** Data section **

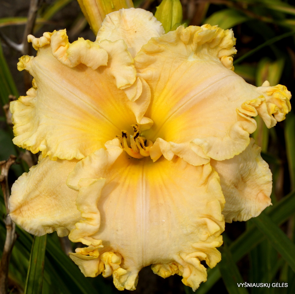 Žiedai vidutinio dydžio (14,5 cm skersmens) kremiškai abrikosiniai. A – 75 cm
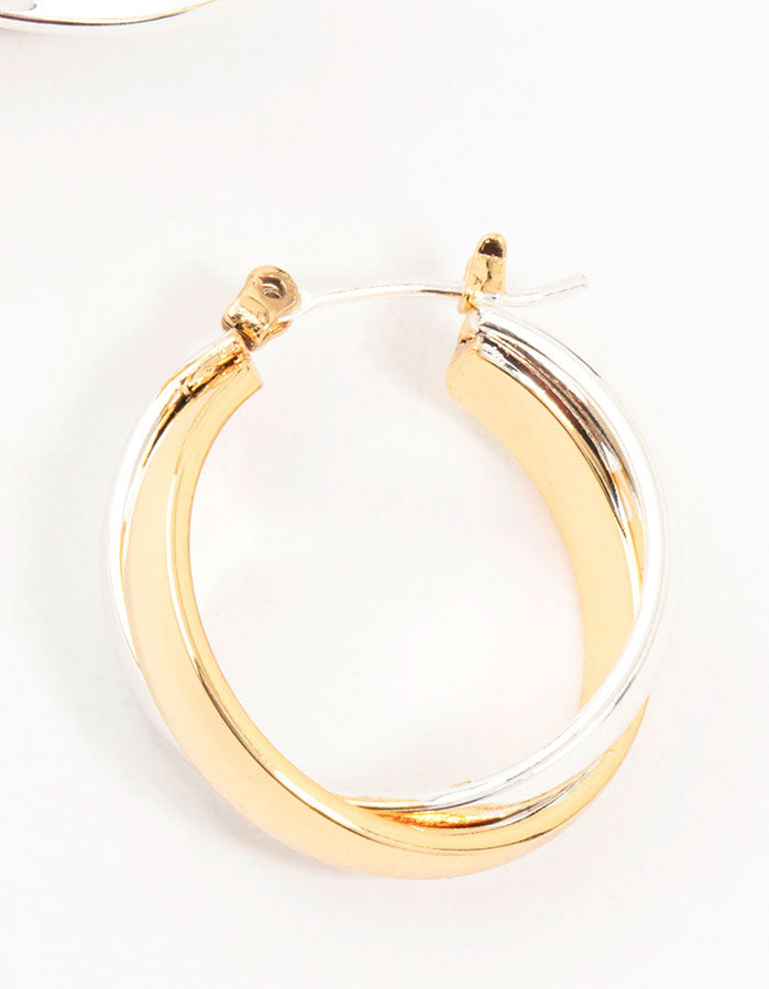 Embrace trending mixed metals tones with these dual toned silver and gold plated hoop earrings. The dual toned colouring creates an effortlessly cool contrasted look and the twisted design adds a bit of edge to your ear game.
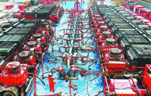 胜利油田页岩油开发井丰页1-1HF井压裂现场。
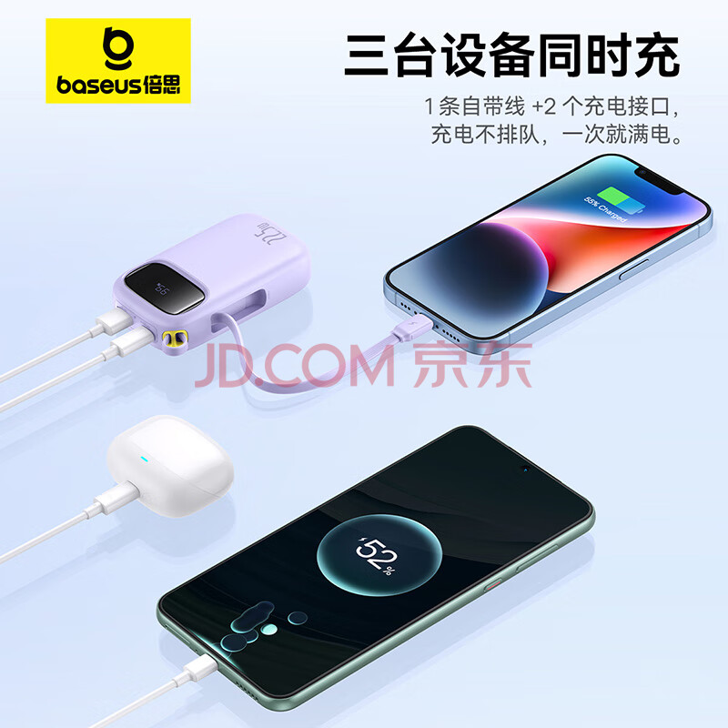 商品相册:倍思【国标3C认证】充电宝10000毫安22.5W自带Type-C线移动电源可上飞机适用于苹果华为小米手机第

** Task brief **
Output verbatim the lines beginning at the line with "Embrace trending mixed" and ending at the last line of the material above, inclusive. Do not carry over any pictures.

** Output of the task **
 Embrace trending mixed metals tones with these dual toned silver and gold plated hoop earrings. The dual toned colouring creates an effortlessly cool contrasted look and the twisted design adds a bit of edge to your ear game.
 胜利油田页岩油开发井丰页1-1HF井压裂现场。
 商品相册:倍思【国标3C认证】充电宝10000毫安22.5W自带Type-C线移动电源可上飞机适用于苹果华为小米手机第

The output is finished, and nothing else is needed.